7. The intelligent low-voltage switchgear energy storage management method according to claim 6, characterized in that, The step of matching the stable energy storage device and the unstable energy storage device with the fixed power supply equipment, fixed power transmission equipment and power value data to obtain the matching result includes: The periodic correlation of the stable energy storage devices is sorted from largest to smallest to obtain a third sorting result; Based on the third sorting result and the second sorting result, the period correlation in the third sorting result is matched with the second sorting result from largest to smallest.
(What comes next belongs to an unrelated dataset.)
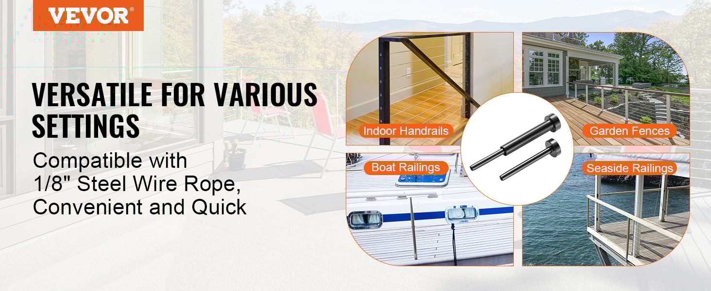 Robusto e flessibile: cavo in acciaio inossidabile da 1/8 (3,18 mm) che si basa sulla struttura intrecciata 7 x 7. Rispetto ad altri design del nucleo, 7 x 7 bilancia sia la flessibilità del cavo che la sua resistenza portante. Il cavo in acciaio funziona bene per piegarsi o piegarsi quando si decora la recinzione del giardino. Migliora i tuoi progetti con il cavo in acciaio inossidabile di . Progettati per resistenza e durata, i nostri cavi offrono soluzioni sicure per le applicazioni. ... Fune Metallica 3/16 Diametro 4,8mm Cavo in Acciaio Inox 304 Guardrail, Ringhi Resistenza alla ruggine e alla corrosione: il cavo in acciaio VEVOR da 100 piedi (30,5 m) è realizzato in acciaio inossidabile T304 di alta qualità con molibdeno aggiunto, che offre prestazioni migliori in termini di resistenza alla rottura e antiossidazione. Grazie all'eccezionale resistenza alla rottura e all'elevata capacità di trazione, questo cavo d'acciaio rimane teso e indeformabile indipendentemente dalla durata del suo utilizzo. Facile da installare e utilizzare: il cavo per aeromobili VEVOR è dotato di 20 manicotti in alluminio, 10 ditale, 10 viti a gancio, 3 moschettoni, 3 ganci di prolunga, 5 fermi a vite, 10 fascette per cavi, 1 chiave a bussola, 1 metro a nastro, 10 viti di espansione, 50 fascette e 1 manuale utente: tutto il necessario per un'installazione semplicissima. Costruito resistente per durare: la resistenza alla rottura del nostro cavo in acciaio inossidabile è di 1600 libbre (7,1 KN). Descrizione Prodotto Cavo in acciaio inossidabile VEVOR: resistente alle sfide esterne! Arricchito con molibdeno, il nostro cavo in acciaio presenta una maggiore resistenza e resistenza alla corrosione, tenendo lontana la ruggine anche dopo anni di utilizzo. È perfetto per avventure all'aria aperta di lunga durata. Cavo Acciaio 10 Mm VEVOR Kit Di Cavi Metallici Da 3,18 Mm 30,5 M Cavo In Acciaio Inossidabile 304, 124 Accessori, Resistenza Alla Rottura Di 7,1 KN 7 X 7 Fili Per Costruzioni Di Grado Aeronautico Cavo Acciaio 2mm

If the matching is completed and there are remaining items in the second sorting result, the period correlation in the unstable energy storage device is matched with the remaining devices in the second sorting result from smallest to largest to obtain the final matching result.
8. An intelligent low-voltage switchgear energy storage management system, used to implement the intelligent low-voltage switchgear energy storage management method according to any one of claims 1-7, characterized in that, include: Equipment tagging and sequence construction module: Taking the low-voltage switchgear as the central device, it acquires power supply equipment and power transmission equipment, tags and transforms their attributes, and obtains the tagging results; The phase sequence, forward direction, and reverse direction are determined based on the marking results; Construct an overall sequence containing the labeled results based on the stage sequence, the forward direction, and the reverse direction; Event sorting and overlap detection module: sorts the overall sequence into multiple complete cycles to obtain sorting results; detects time overlap of events in the opposite direction based on the sorting results, and obtains the start time difference, duration difference, and power difference; determines the best matching event based on the principle of time overlap or minimum start time distance. The correlation calculation and stability classification module performs weighted calculations on the start time difference, duration difference, and power difference to obtain a comprehensive correlation calculation result; it calculates the periodic correlation based on all events; and it classifies stable energy storage devices into unstable energy storage devices by comparing the average periodic correlation with a preset energy storage threshold. Equipment matching and optimization module: acquires power value data of fixed power supply equipment, fixed power transmission equipment, and power consumption data regulated by low-voltage switchgear; sorts the power value data and equipment attributes based on the maximum net difference; prioritizes matching the periodic correlation results of stable energy storage equipment and unstable energy storage equipment to obtain the final matching result.